Core Insights - The article discusses a novel gene therapy strategy named "AAVLINK," which addresses the challenge of efficiently delivering long genes using AAV (adeno-associated virus) vectors, potentially advancing clinical applications for rare genetic diseases such as autism and epilepsy [1][2]. Group 1: AAVLINK Technology Development - The AAVLINK method allows for the efficient delivery of complete functional genes longer than 11kb by splitting them into two segments, each carried by separate AAVs, which then recombine inside target cells [2][3]. - This technology overcomes the limitations of traditional AAV delivery, which can only transport genes up to 4.7kb, thus expanding the potential for gene therapy in various genetic disorders [2][3]. Group 2: Research and Clinical Implications - The research team demonstrated that AAVLINK can reconstruct and restore the function of genes associated with autism (Shank3) and epilepsy (SCN1A) in animal models, leading to significant behavioral and phenotypic improvements [4][5]. - The team has created a comprehensive tool library for AAV long gene delivery, screening 193 long human pathogenic genes, which includes various diseases such as Duchenne muscular dystrophy and hereditary deafness, facilitating broader applications of the technology [4][5]. Group 3: Future Directions and Clinical Relevance - The AAVLINK platform is now open for use, allowing other research teams to focus on disease mechanisms and treatment optimization, thus enhancing the overall research landscape in gene therapy [5][6]. - The technology is expected to provide innovative solutions for treating difficult-to-manage pediatric epilepsy, addressing the root causes rather than just symptoms, which could significantly improve patient outcomes [6][7].
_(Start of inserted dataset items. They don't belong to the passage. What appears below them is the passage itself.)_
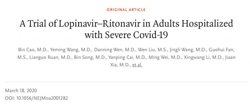 3月18日,眾所期待的洛匹那韋-利托那韋治療新冠臨床試驗結(jié)果,在《新英格蘭醫(yī)學雜志》上發(fā)布,結(jié)果讓人失望,在重癥患者中,與常規(guī)治療相比,研究未能觀察到洛匹那韋-利托那韋治療的有效性。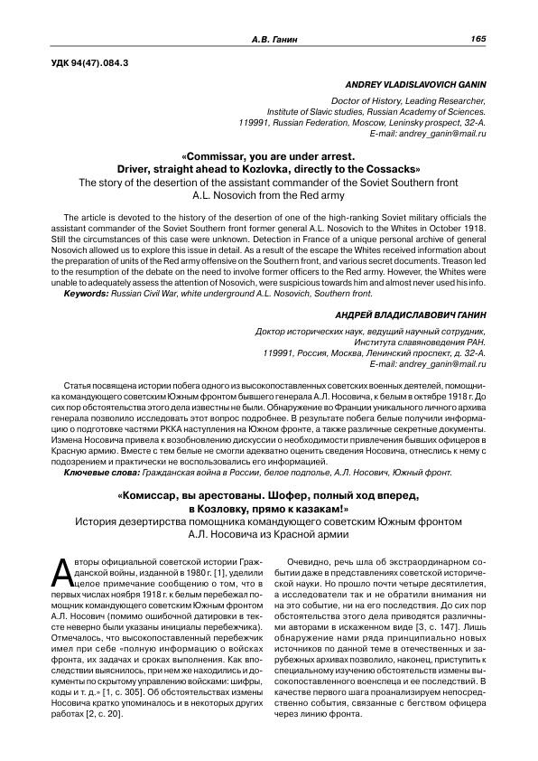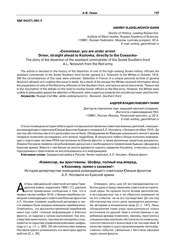 «Комиссар, вы арестованы. Шофер, полный ход вперед, в Козловку, прямо к казакам!» История дезертирства помощника командующего советским Южным фронтом А.Л. Носовича из Красной армии
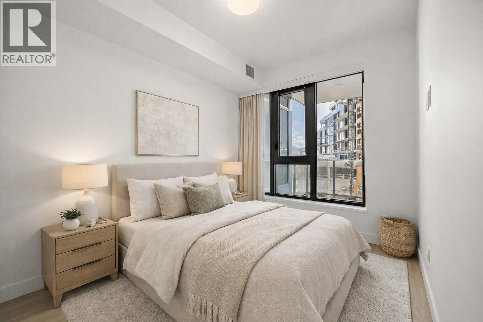 Priced well below assessed value of $669,000! Experience lakefront living reimagined at Aqua Waterfront Village. Located on the 5th floor, just steps from the pool deck, Unit #512 is a Jr. 2-bed, 2-bath home offering approximately 725 sq. ft. of refined interior space & a 90 sq. ft. balcony with Northwest views. This bright and airy home features a split-bedroom layout ideal for privacy and flexibility. Carefully selected finishes throughout, from the luxury vinyl plank flooring and oversized windows to a modern kitchen complete with quartz countertops, under-cabinet lighting, stainless steel appliances, a wine fridge and a concealed hood fan. The bathrooms include natural stone-inspired porcelain tile, wood-tone vanities, a deep soaker tub or a walk-in shower. Enjoy contemporary roller shades, in-suite laundry, & a quiet, energy-efficient heating & cooling system. Residents have exclusive access to Aqua’s exceptional amenities, including a resort-style pool & hot tub, indoor-outdoor social lounge, fireside lounge and coworking hub, two level fitness center as well as membership opportunities to the Aqua Boat Club. 1 parking stall, 1 extra large storage locker & 1 bike storage locker included. Vacant & ready for quick possession. Only a 5% deposit required. Buyer to verify all details & measurements if deemed important. All offers must be written on the Developer’s CPS.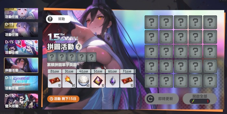 每天花個10分鐘完成每日任務,就能輕鬆玩拼圖,獎勵超豐富20抽和滿滿成長資源,活動時間夠也能開完拼圖所有大小獎!
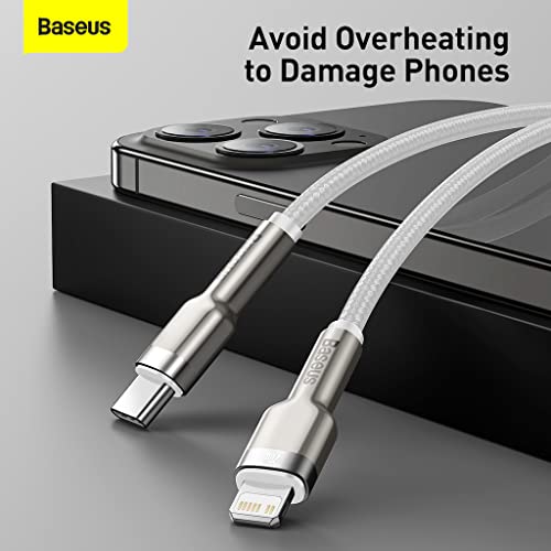 Baseus - كيبل بيانات معدن سلسلة كافولي USB نوع سي الى لايتنج بي دي من باسيوس، 20 وات، 1 متر- ابيض، لمحول الشحن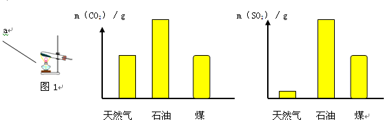 (4)充分燃烧1kg不同化石燃料所产生CO2和SO2气体的质量如图2 所示,则 燃烧最易导致酸雨, 燃烧对环境影响最小。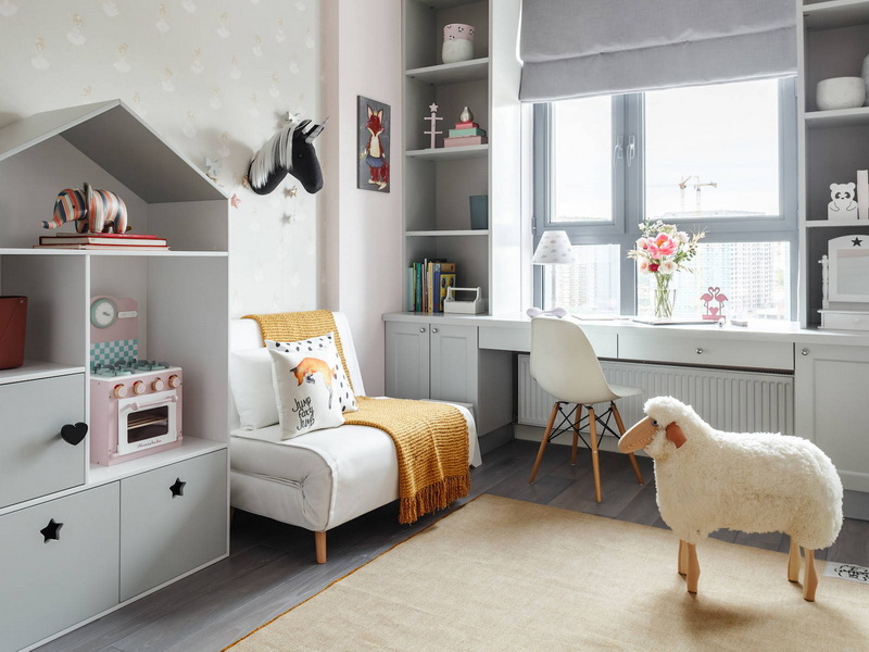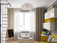 Дизайнът на детска стая за ученик в начално училище задължително включва зона за игра. Можете да го оборудвате в 2 форми:

Core Insights - A research team from the Shenzhen Institute of Advanced Technology has developed a new gene therapy strategy called "AAVLINK," which addresses the challenge of efficiently delivering long genes using AAV (adeno-associated virus) vectors, potentially advancing clinical applications for gene therapies targeting neurological disorders like autism and epilepsy [1][2]. Group 1: Gene Therapy Development - The AAVLINK method innovatively splits long genes into two segments, each carried by separate AAVs, with one AAV containing a special "molecular magic tape" (lox site) and the other carrying the second gene segment along with the Cre recombinase gene [2]. - This approach allows for precise recombination of the split gene segments within target cells, enabling the expression of a complete functional gene [2]. - The technology has been shown to efficiently reconstruct large gene segments in various cell types without producing truncated proteins, demonstrating significantly higher recombination efficiency compared to traditional methods [2]. Group 2: Safety and Future Research - The research team has developed a 2.0 version of the AAVLINK technology that addresses potential issues related to gene rearrangement and immune responses, enhancing the safety of clinical applications [2]. - Animal studies indicate that this technology can effectively improve behavioral and epilepsy phenotypes in relevant mouse models [2]. - Future research will focus on exploring the systemic delivery efficiency of the technology, understanding its mechanisms, establishing disease models, and conducting preclinical studies in primate models to facilitate its practical application [2].